> **Supplied data**:
:::::
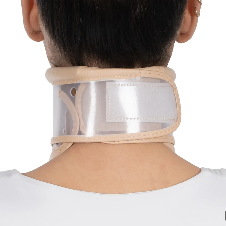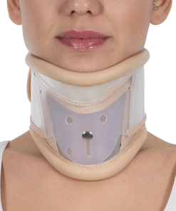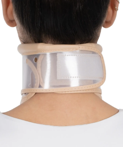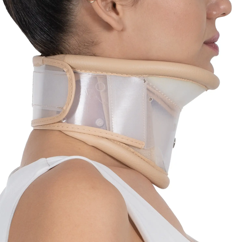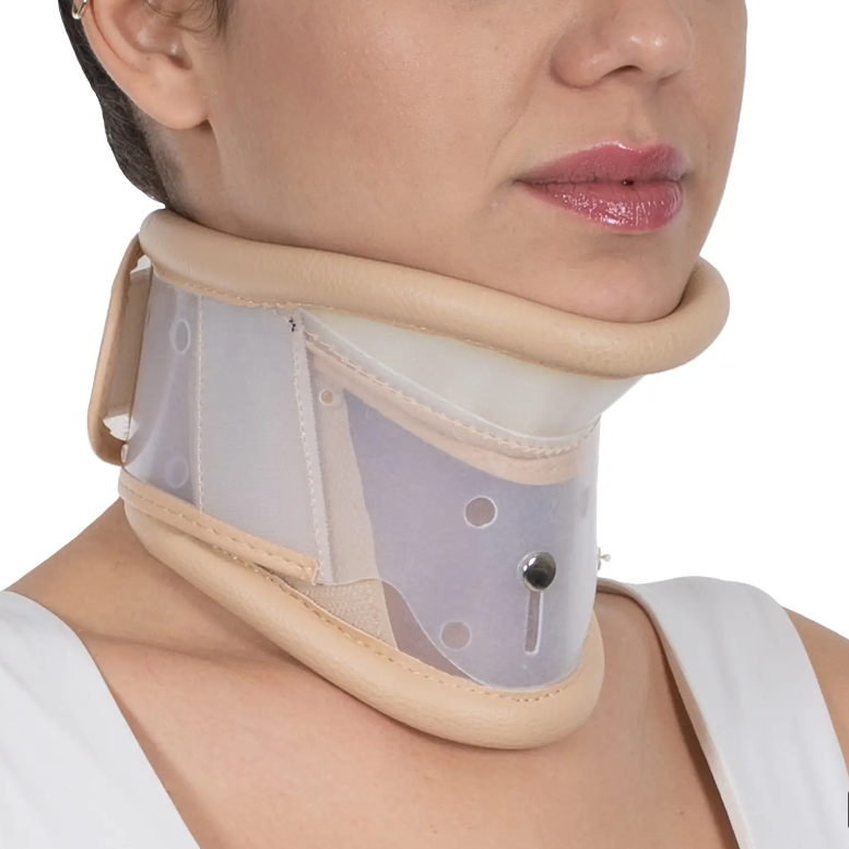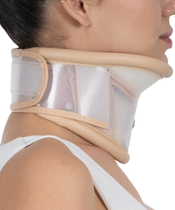Anatomically designed to the neck form and manufactured from plastic material. Chin support limit neck movement. Height is adjustable with velcro fasteners. Stabilizes the neck area and relieves the pressure on the neck muscles.
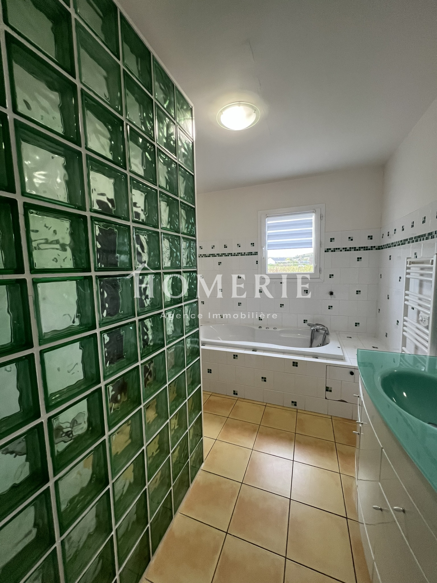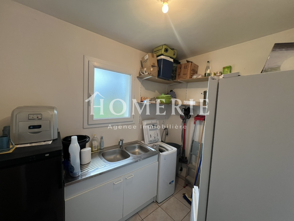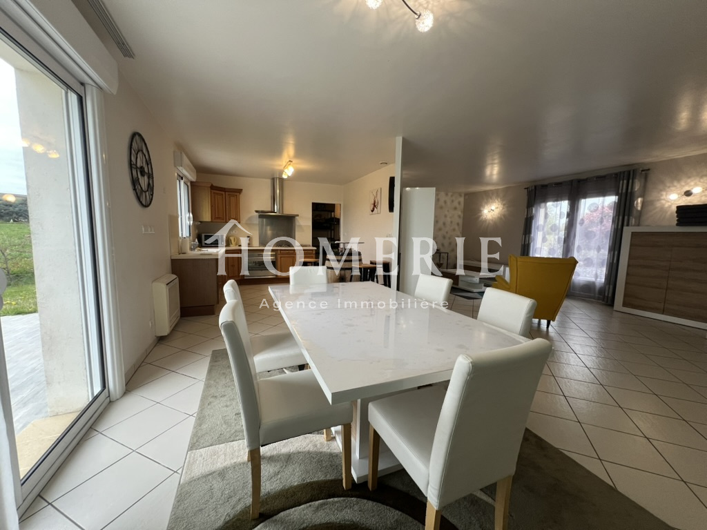 L'entrée donne accès à une lumineuse pièce de vie, composée d'un espace salon (avec conduit de cheminée permettant l'installation d'un poêle à bois), d'un espace salle à manger ainsi que d'une cuisine aménagée ouverte et équipée, avec accès à l'agréable terrasse extérieure dotée d'un grand store banne. Buanderie-arrière cuisine dans le prolongement.
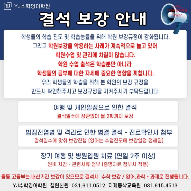 동삭동학원칠원동학원 YJ수학영어학원 보강안내문
:::::
> **Your assignment**: It would help to have the listing above repeated exactly, with all images removed.

> **Solved problem**:
Anatomically designed to the neck form and manufactured from plastic material. Chin support limit neck movement. Height is adjustable with velcro fasteners. Stabilizes the neck area and relieves the pressure on the neck muscles.
 L'entrée donne accès à une lumineuse pièce de vie, composée d'un espace salon (avec conduit de cheminée permettant l'installation d'un poêle à bois), d'un espace salle à manger ainsi que d'une cuisine aménagée ouverte et équipée, avec accès à l'agréable terrasse extérieure dotée d'un grand store banne. Buanderie-arrière cuisine dans le prolongement.
 동삭동학원칠원동학원 YJ수학영어학원 보강안내문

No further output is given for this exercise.